The RF model feature selection results at Tsushima, Goto, Daitou, Inasa, Obama, and Yoshii for PM2.5 and NO2 are shown in (Fig. 5). These stations were selected based on their location, which are representative of the study area. Among the monitoring stations, the most important predicting factors for PM2.5 were Spring, maximin instantaneous wind speed one day, maximum instantaneous wind speed, humidity, sunlight time one day, and southern oscillation index. At the observation tower of Tsushima, Goto, Inasa, and Yoshii, Spring is among the three major predicting factors of PM2.5, with Spring being the primary predictor at Goto. Maximum instantaneous wind speed was among the three most important predictors for Goto, Daitou, Insas, and Yoshii and was the primary predictor at Tsushima. Maximum instantaneous wind speed was the main predictor for Daitou, Inasa, and Yoshii and the second most important predictor for Obama. Humidity was the main predictor of Obama and the third predictor at Goto. Southern oscillation index was only a significant predictor at Tsushima.

Figure 5
figure 5

RF feature selection for PM2.5 and NO2 of different monitoring stations in Nagasaki Prefecture, Japan.

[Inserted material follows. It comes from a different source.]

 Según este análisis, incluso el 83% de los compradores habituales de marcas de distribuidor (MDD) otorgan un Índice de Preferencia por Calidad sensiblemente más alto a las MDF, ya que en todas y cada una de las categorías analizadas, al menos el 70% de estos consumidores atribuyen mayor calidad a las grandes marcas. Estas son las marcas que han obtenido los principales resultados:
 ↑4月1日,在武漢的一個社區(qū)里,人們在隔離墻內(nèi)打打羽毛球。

On the other hand, for NO2, the three most important predictors that were among the stations were average wind speed, minimum temperature one day, maximum instantaneous wind speed, average sea level pressure one day, average temperature one day, average sea level pressure three days, southern oscillation index seven days, average temperature, maximum temperature one day and average local pressure one day. Average wind speed was among the three main predictors in Tsushima, Goto, Daitou, Inasa, and Yoshii, and the main predictor in Goto. Minimum temperature was the major predictor in Tsushima and Daitou. In Goto and Daitou, maximum instantaneous wind speed was the second and third major predictor, respectively. Sea level pressure one day was the main predictor in Inasa and Yoshii. Average temperature one day, average sea level pressure three days, southern oscillation index seven days, average temperature, maximum temperature one day, and average local pressure one day were among the three most important factors in only one of the stations. The feature selection result from RF indicated that the factors influencing PM2.5 and NO2 concentrations in Nagasaki Prefecture vary depending on the location of the monitoring stations.

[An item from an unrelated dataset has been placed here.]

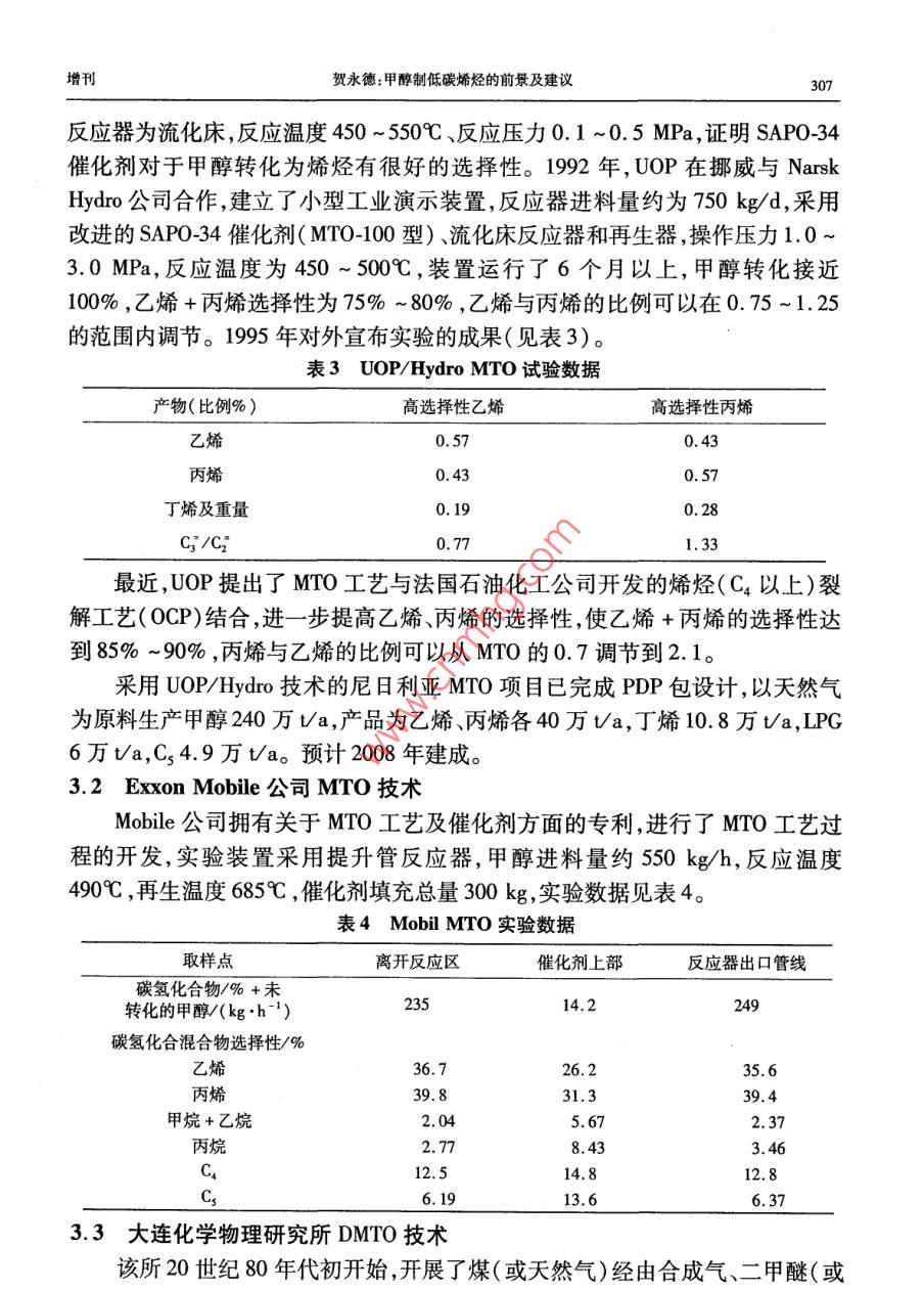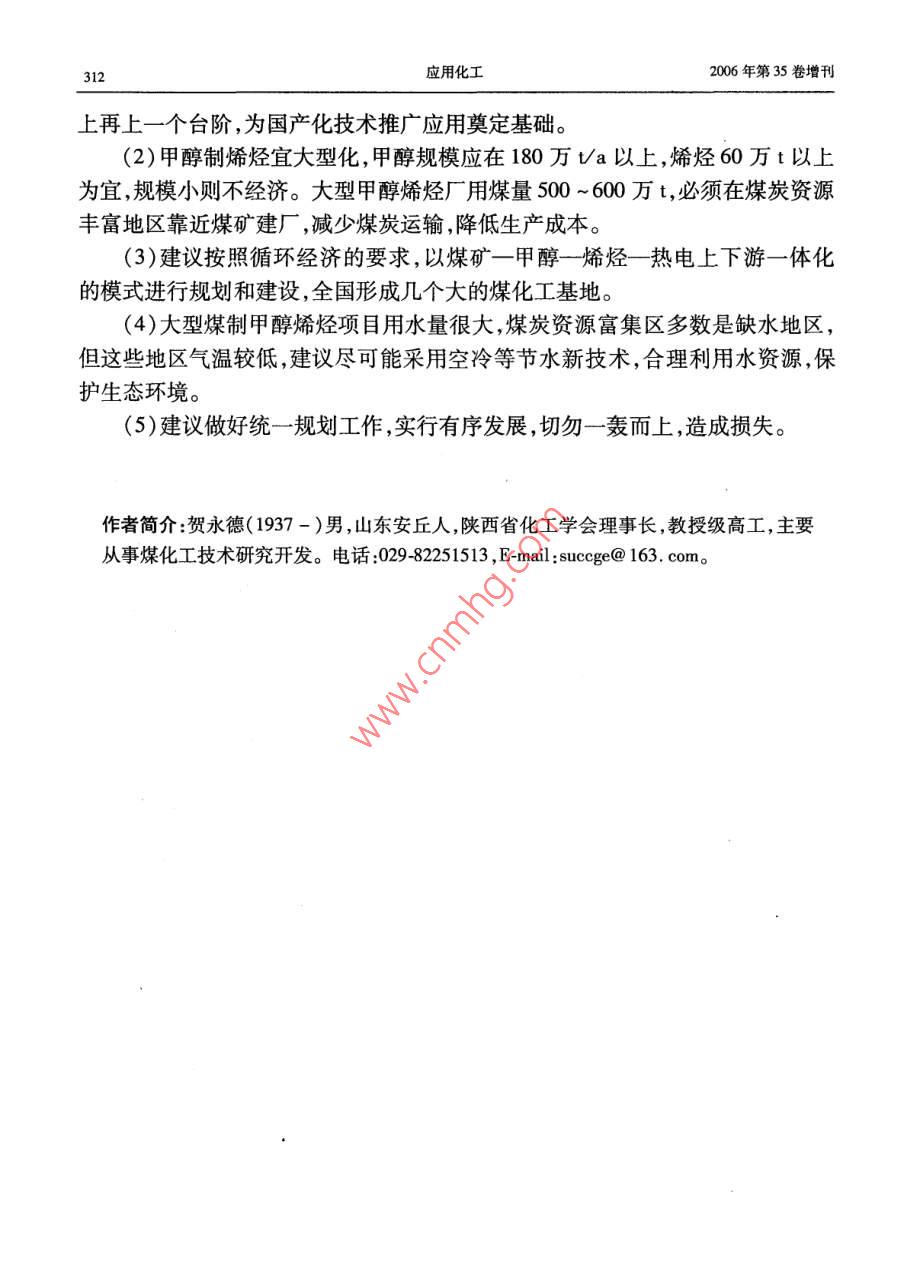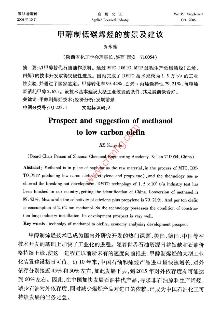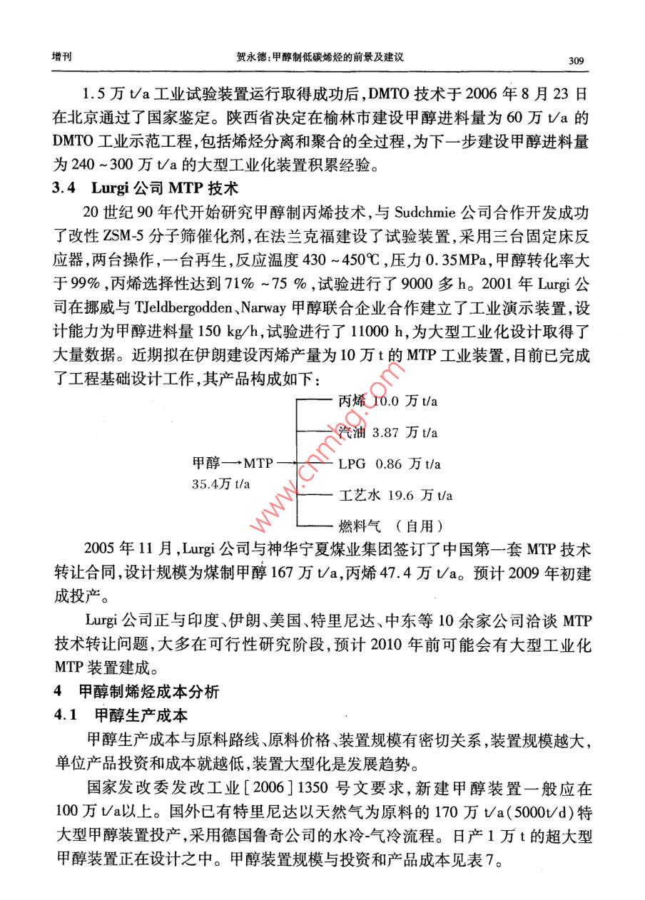 第35卷增刊應(yīng)用化工Vol. 35 Supplement2006年10月Aplied Chemical IndustryOct.2006甲醇制低碳烯烴的前景及建議賀永德(陜西省化工學(xué)會(huì)理事長(zhǎng),陜西西安710054)摘要:以甲 醇替代石腦油作原料。通過(guò)MTO、DMTO、MTP過(guò)程生產(chǎn)低碳烯烴(乙烯、丙烯)的技術(shù)開(kāi)發(fā)取得突破性進(jìn)展。國(guó)內(nèi)完成了DMTO技術(shù)規(guī)模為1.5萬(wàn)Va的工業(yè)性實(shí)驗(yàn),并通過(guò)了國(guó)家鑒定。甲醇轉(zhuǎn)化率99.42% ,乙烯+丙烯選擇性79. 21% ,每噸烯烴消耗甲醇2.62 t。該技術(shù)基本建設(shè)大型工業(yè)裝置的條件,其發(fā)展前景看好。關(guān)鍵詞:甲醇制烯烴技術(shù);經(jīng)濟(jì)分析;發(fā)展前景中圖分類號(hào):TQ 223.1文獻(xiàn)標(biāo)識(shí)碼:A .Prospect and suggestion of methanolto low carbon olefinHE Yong-de( Board Chair Person of Shaanxi Chemical Engineering Academy ,Xi' an 710054 ,China)Abstract: Methanol is in place of naphtha as the raw material ,in the process of MTO , DM-TO,MTP producing low caron olefins ( ethylene and propylene) , and the thchnology has achieved the breaking-out development. DMTO technology of 1.5 x 104 t/a industry test has .been finished in our country , getting the identification of China. Conversion of methanol is99. 42% . Meanwhile the selectivity of ethylene plus propylene is 79. 21 % . And per ton olefinis consumption of 2. 62 ton methanol. So the technology possesses the condition of construc-tion large industry installation. Its development prospect is very well.Key words: technolgy of methanol to olefin; economy analysis ; development prospect甲醇制烯烴技術(shù)已成為國(guó)內(nèi)外研究開(kāi)發(fā)的熱門(mén)課題,美國(guó)、德國(guó)、中國(guó)等在技術(shù)開(kāi)發(fā)的基礎(chǔ)上加快了工業(yè)化的進(jìn)程。隨著世界石油資源日益短缺和石油價(jià)格持續(xù)上漲,使這一進(jìn)程正以前所未有的速度向前推進(jìn),甲醇制烯烴的大型工業(yè)化裝置建設(shè)指日可待。近10年來(lái),中國(guó)石油和烯烴產(chǎn)品進(jìn)口量快速增長(zhǎng),對(duì)外依存分別接近45%和50%左右,如此發(fā)展下去,到2015年對(duì)外依存度有可能達(dá)到60%左右。因此,在中國(guó)加快發(fā)展石油替代產(chǎn)品,尋求非石油原料生產(chǎn)烯烴,減少石油對(duì)外依存度,同時(shí)減少烯烴產(chǎn)品對(duì)進(jìn)口的依賴,已成為中國(guó)石油化工可持續(xù)發(fā)展的當(dāng)務(wù)之急。增刊賀永德:甲醇制低碳烯烴的前景及建議3051石油資源短缺將制約烯烴工業(yè)的發(fā)展1.1全球石油儲(chǔ)量可開(kāi)采40年根據(jù)《BP世界能源統(tǒng)計(jì)2006》預(yù)測(cè),按目前的開(kāi)采速度計(jì)算,全球石油剩余儲(chǔ)量可開(kāi)采40年,煤炭可開(kāi)采162年。2003年以來(lái)石油價(jià)格持續(xù)上漲,2005年達(dá)到創(chuàng)紀(jì)錄的水平,全年平均每桶54.52美元;專家預(yù)計(jì),2006年國(guó)際原油價(jià)格將創(chuàng)新高,全年平均將達(dá)到每桶68美元;2007年仍將保持在每桶60美元以上的水平。低價(jià)油的時(shí)代已是一去不復(fù)返了。據(jù)統(tǒng)計(jì),1992 ~ 2004年,世界累計(jì)生產(chǎn)石油531.7億t,而新增儲(chǔ)量為126.9億t,僅為產(chǎn)量的23.87%,累計(jì)短缺350億t;2003年和2004年新增儲(chǔ)量更少,僅為4.1億t,大型油田的發(fā)現(xiàn)愈來(lái)愈少。石油開(kāi)采速度遠(yuǎn)遠(yuǎn)大于儲(chǔ)量增速,世界石油儲(chǔ)量的可持續(xù)增長(zhǎng)的能力令人擔(dān)憂。傳統(tǒng)的烯烴生產(chǎn)用原料主要來(lái)源于輕油(石腦油、輕柴油),全球烯烴生產(chǎn)能力中,以石腦油為原料的約占54%,其次為乙烷、丙烷,約占35%。1.2中國(guó)石油可開(kāi)采14 年根據(jù)中國(guó)統(tǒng)計(jì)年鑒2004年數(shù)據(jù),中國(guó)石油剩余可采儲(chǔ)量為24.9億t,按目.前開(kāi)采速度計(jì)算可開(kāi)采14 年,煤炭可開(kāi)采120年。2005 年中國(guó)生產(chǎn)原油1. 81億t,凈進(jìn)口石油1.42億t(原油+成品油) ,石油表觀消耗量為3.23億t。中國(guó)乙烯原料71.4%為石腦油和輕柴油,輕烴原料約占10.6%;-般原油煉制過(guò)程中石腦油和輕柴油產(chǎn)率約為25% ~30%,1 t乙烯需消耗輕油~3.2t。石油資源不足是嚴(yán)重制約烯烴產(chǎn)業(yè)發(fā)展的主要因素??窟M(jìn)口石油發(fā)展烯烴生產(chǎn)可能性較小,尋求替代石油烯烴原料已引起國(guó)家有關(guān)決策部門(mén)的高度重視。以甲醇為原料通過(guò)MTO、DMTO、MTP過(guò)程,進(jìn)行烯烴生產(chǎn)應(yīng)是中國(guó)發(fā)展烯烴產(chǎn)業(yè)的重要戰(zhàn)略選擇。歷年石油產(chǎn)量、進(jìn)口量、表觀消費(fèi)量見(jiàn)表1。表1歷年石油產(chǎn)量、 進(jìn)口量、表觀消費(fèi)量(當(dāng)量)單位:萬(wàn)t年份原油200120022003200420052010產(chǎn)量164901689016932174501808420000進(jìn)口量6025. 546940.77911212281.4 .1298815000 ~ 16000表觀消費(fèi)量21760. 52311026715.229731. 63230033000 ~ 350001.3烯烴 原料多元化要實(shí)現(xiàn)經(jīng)濟(jì)可持續(xù)發(fā)展,首先要能保持能源可持續(xù)發(fā)展。面對(duì)石油供應(yīng)及高油價(jià)的嚴(yán)峻形勢(shì),中國(guó)石油化工發(fā)展所需原料不能僅僅依賴石油,必須走多元化的路子,其中煤炭或天然氣制甲醇再進(jìn)--步生產(chǎn)低碳烯烴,是符合中國(guó)國(guó)情的重要選擇之一。306應(yīng)用化工2006年第35卷增

Tables 3 and 4 show the results of the random forest models for each of the 18 stations for PM2.5 and NO2, respectively. Model accuracy was evaluated using R2 and MSE. In the case of PM2.5, the result indicated that the accuracy estimates for the 18 stations are varied with R2 values in the range of 0.41–0.53 and MSE of 22.7–37.6 for the training dataset and R2 values ranging from 0.16 to 0.33 and MSE 32.7–51.3 for the test dataset. The low values of R2, high values for MSE, and the high difference of R2 between the trained model and the test model indicated that the RF models constructed with these factors could not be used to predict PM2.5 concentrations.

Table 3 Result of the random forest model for PM2.5 using hyperparameters of the optimum value.
Table 4 Result of the random forest model for NO2 using hyperparameters of the optimum value.

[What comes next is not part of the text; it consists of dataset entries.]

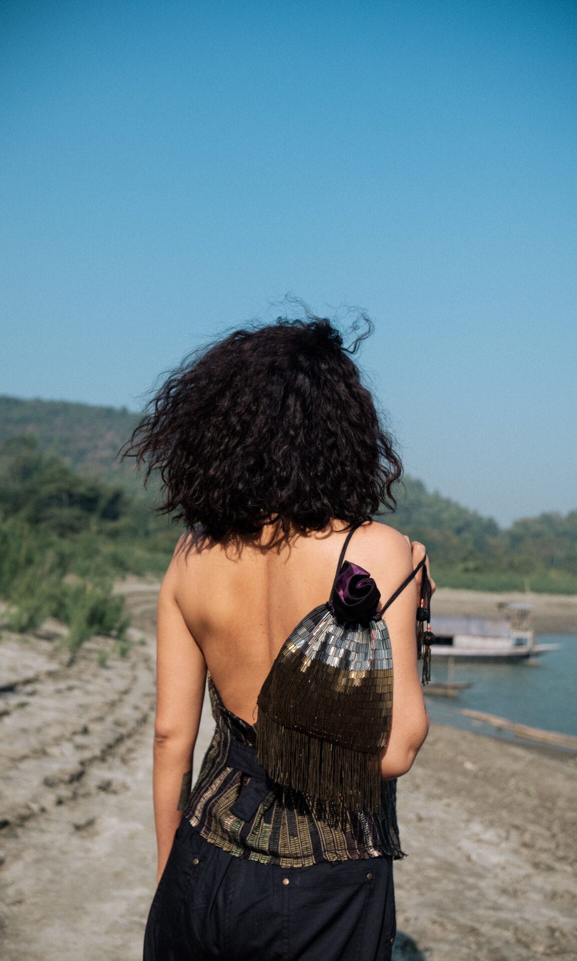 This vest is designed from upcycled fabric, made using post production waste and can elevate any look.It can be worn as is or over a shirt.It pairs perfectly with our flared pants.It can be dressed up or down for each occasion.
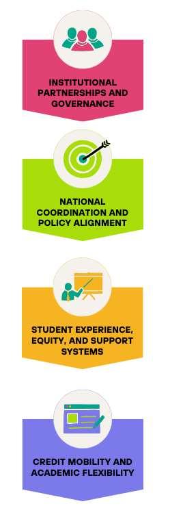A coherent mobility system requires nationallevel alignment with regulatory frameworks such as the Academic Bank of Credits (ABC), the National Credit Framework (NCrF), and NEP 2020. National coordination ensures uniform standards, transparency in credit transfer, and inter-state portability of academic records. By establishing policy clarity, common digital infrastructure, and financial or administrative incentives, India can enable mobility at scale while ensuring equity and consistency across regions and institutions. the primary challenge here is ensuring seamless policy coherence and operational synergy between Central, State, and private regulatory frameworks. National coordination must actively mitigate administrative burdens that could otherwise slow inter-state academic record portability.
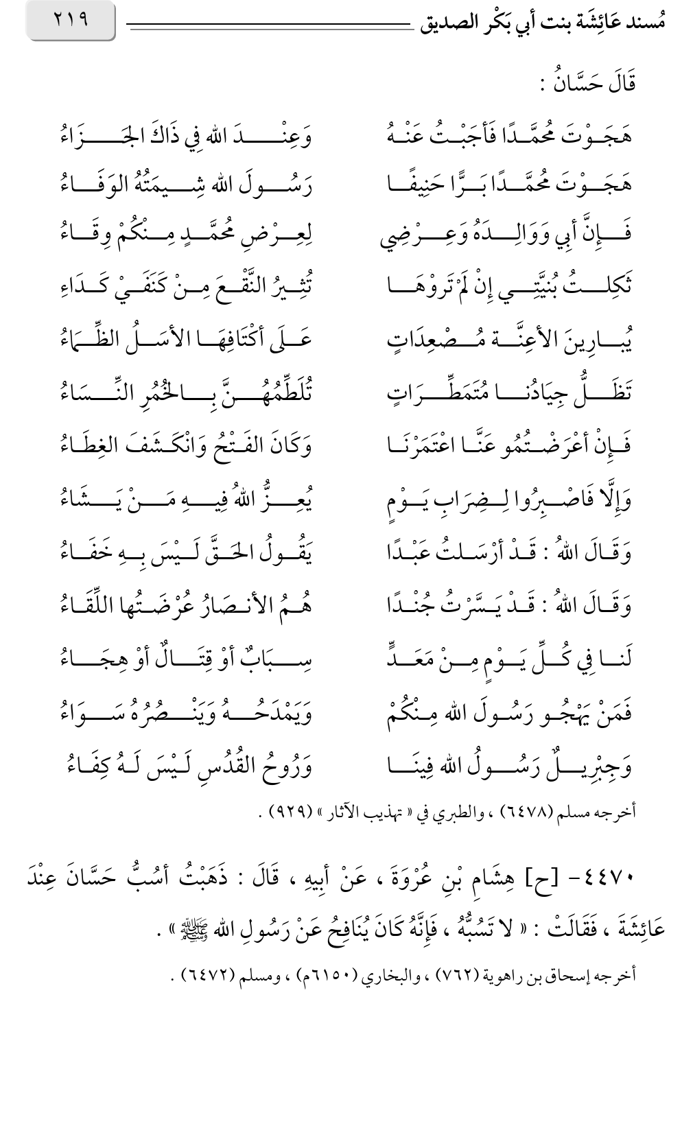 ٤٤٧٠ - [ح] هِشَامِ بْنِ عُرْوَةَ، عَنْ أبِيهِ، قَالَ: ذَهَبْتُ أسُبُّ حَسَّانَ عِنْدَ عَائِشَةَ، فَقَالَتْ: «لا تَسُبُّهُ، فَإِنَّهُ كَانَ يُنَافِحُ عَنْ رَسُولِ الله صلى الله عليه وسلم».
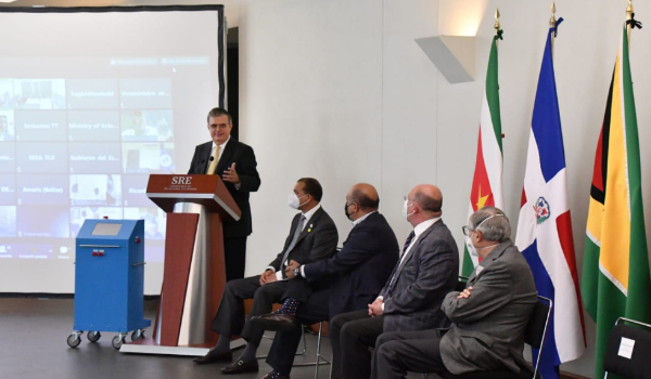 Con la presencia virtual de autoridades de países caribeños, del gobernador de San Luis Potosí, Juan Manuel Carrera López y del senador Héctor Vasconcelos Cruz, el canciller recordó que, ante la llegada de la pandemia a México, el presidente Andrés Manuel López Obrador instruyó a la SRE a importar ventiladores e insumos necesarios para cerrar el déficit de ese y otros insumos médicos. Esto se hizo principalmente en los mercados estadounidense y chino.

Whereas, in the case of NO2, R2 was higher (Test: 0.354–0.735) than the R2 values of PM2.5; thus, the factors used in this study are a better predictor of NO2 concentration than PM2.5. However, the R2 values for most of the NO2 test models are still low to be used to predict NO2 concentrations, except for the results of Isahaya, which can be considered acceptable.

Trend and Forecast analysis

At a 0.05 significance level, the Mann–Kendall test determined that PM2.5 and NO2 in most of the monitoring stations had a monotonic trend and a negative slope (Table 5). The stations with no monotonic trend for PM2.5 were Shimabara, Oomura, Kawadana, Togitsue, MatsuuraShimachi, and Tsushima, and for NO2 were Yukiura, Tsushima, Iki, Obama, and Muramatsu. The stations that had the most significant magnitude of reduction for PM2.5 were Daitou (− 1.278 μg/m3), Fukuishi Jihai (− 1.178 μg/m3), and Kogakura (− 1.01 μg/m3), while Goto (− 0.43 μg/m3) had the lowest. For NO2, the most significant magnitude of reduction was observed in Fukuishi Jihai (− 0.78 ppb), Higashi Nagasaki (− 0.50 ppb), and Kogakura (− 0.49 ppb), and the lowest in Matsuura Shisamachi (− 0.12 ppb). Figures S1 and S2 represent the data decomposition and tend for six monitoring stations.

Table 5 PM2.5 and NO2 Sen slope, Mann Kendal and Forecast of the monitoring stations in Nagasaki Prefecture, Japan.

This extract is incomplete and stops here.